The Met Council, which turns 50 this year, operates the region’s wastewater and transit systems as well as overseeing local land use planning. It doles out grants for development, environmental cleanup and regional parks, and keeps an eye on the region’s drinking water supply. Its work constructing transit lines and ensuring that cities’ plans don’t conflict with the broader plans for the region has been particularly controversial.
Previous proposals to change the governance of the Met Council have been vetoed by two Republican governors, Arne Carlson and Tim Pawlenty, as well as by DFL Gov. Mark Dayton in 2012. Dayton said Monday that local government criticism of the council, which dates to its founding in the 1960s, is derived from the “natural tension” between broad regional governance and communities pursuing their own interests.

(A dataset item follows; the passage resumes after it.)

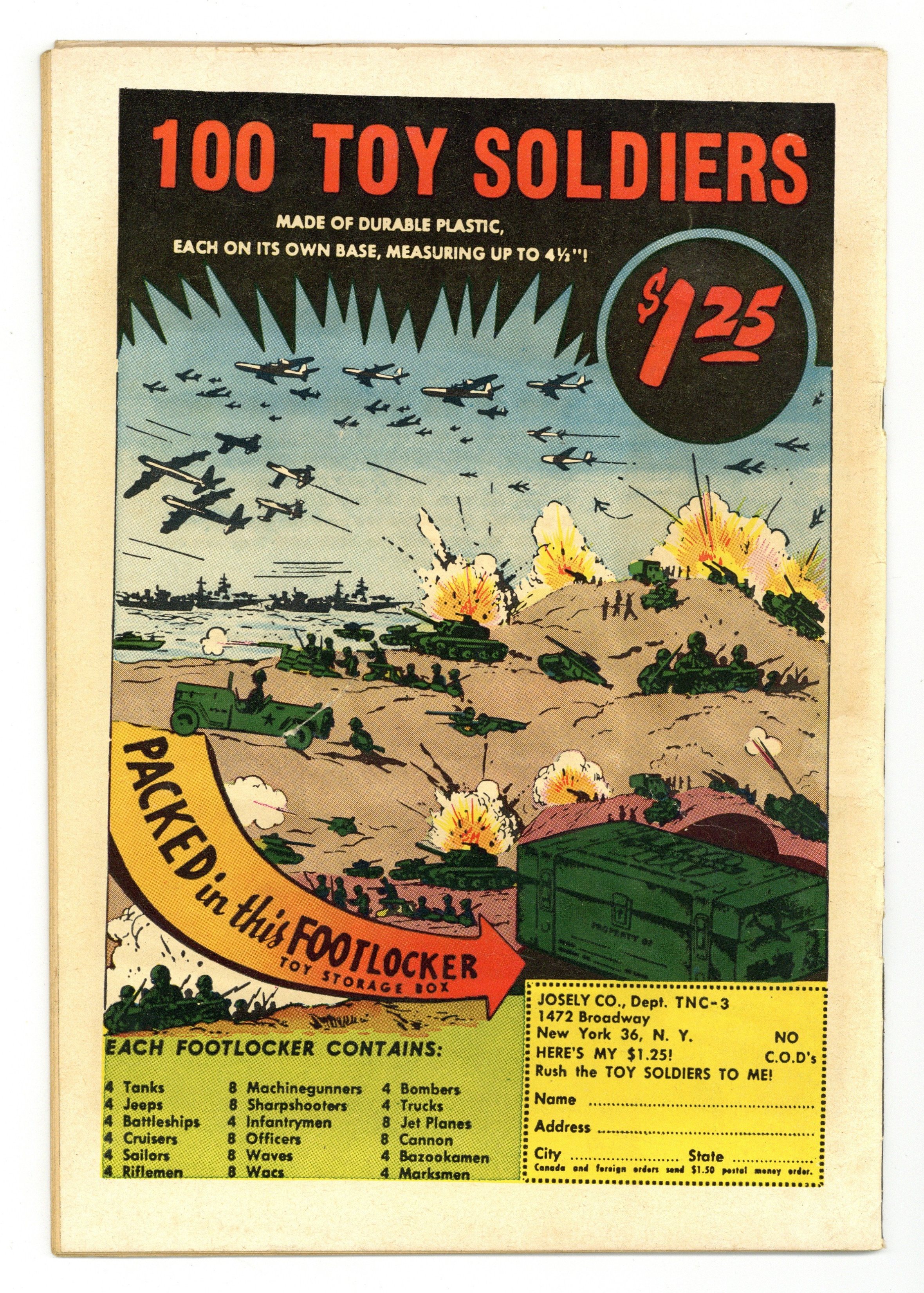 Cover art by Jerry Grandenetti. Untitled story, script by Bob Kanigher, art by Jerry Grandenetti. The Silent Sergeant, script by Bob Haney, art by Jack Abel. Sweep Your Alley, script by Bill Finger, pencils by Ross Andru, inks by Mike Esposito. Battle Zoo, script by Jack Miller, art by Joe Kubert. 36 Pages, Full Color. Cover price $0.10.

“I oppose efforts to strip the Met Council of its proper role to provide accountable, regional leadership for Minnesotans,” Dayton said in a statement. “However, I will consider any serious proposal intended to improve its effectiveness.”
Conflicts of interest?
Albright’s measure would increase the size of the Met Council from 17 to 27 members. Of those, four would be appointed by the state Department of Transportation and would vote only on certain issues.
The others would be local officials appointed to staggered terms by local officials. Committees of city officials would chose 16 district representatives, and each county board also would choose a representative.
But that structure prompted criticism that it would give extra power to counties with fewer people. There are about 100,000 people in Carver County, 414,490 in Dakota County and 1.2 million in Hennepin County.
“I can see why Dakota County would like it, because you have the same voting power as a county that has three times your size,” Rep. Cheryl Youakim, DFL-Hopkins, said during a committee hearing Monday.
Opponents noted that local officials would be serving on a body that in some cases controls the cities and counties they were elected to serve.
“Now you’ve put somebody in a position where they’re both the regulator and the regulated,” said Edina Mayor Jim Hovland, who chairs a regional board that helps direct federal transportation dollars.
His comments were echoed by Metro Cities, a group representing cities in the metro area.
That drew a reaction from Rep. John Petersburg, R-Waseca.
“It seems to me that’s a little backward,” Petersburg said. “We have elected officials that are being regulated by officials that are not being elected.”
Other reform proposals
The proposal discussed Monday isn’t the only attempt at Met Council reform. The Citizens League, which helped spur the creation of the council decades ago, issued a report in April 2016 that suggested soliciting more public input on Met Council nominations and having members serve staggered four-year terms rather than changing with each governor.
But Dakota County Commissioner Chris Gerlach said Monday that would not be enough.
“That recommendation from the Citizens League left all of the appointment authority still in the hands of the governor,” he said.
Another bill at the Legislature, authored by Rep. Frank Hornstein, DFL-Minneapolis, would make the Met Council directly elected — as occurs in Portland, Ore. Gerlach said he does not favor that approach because it would effectively increase the agency’s authority.
“It does certainly solve the representation issue,” Gerlach said. “But the downside of course is you create a whole other layer of [elected] government.”
Met Council Chairman Adam Duininck said he was glad it appeared the discussion had moved beyond whether the council should exist and provide basic services.
“Hopefully it’s more just a debate and a discussion about how to best do that from a regional perspective,” Duininck said.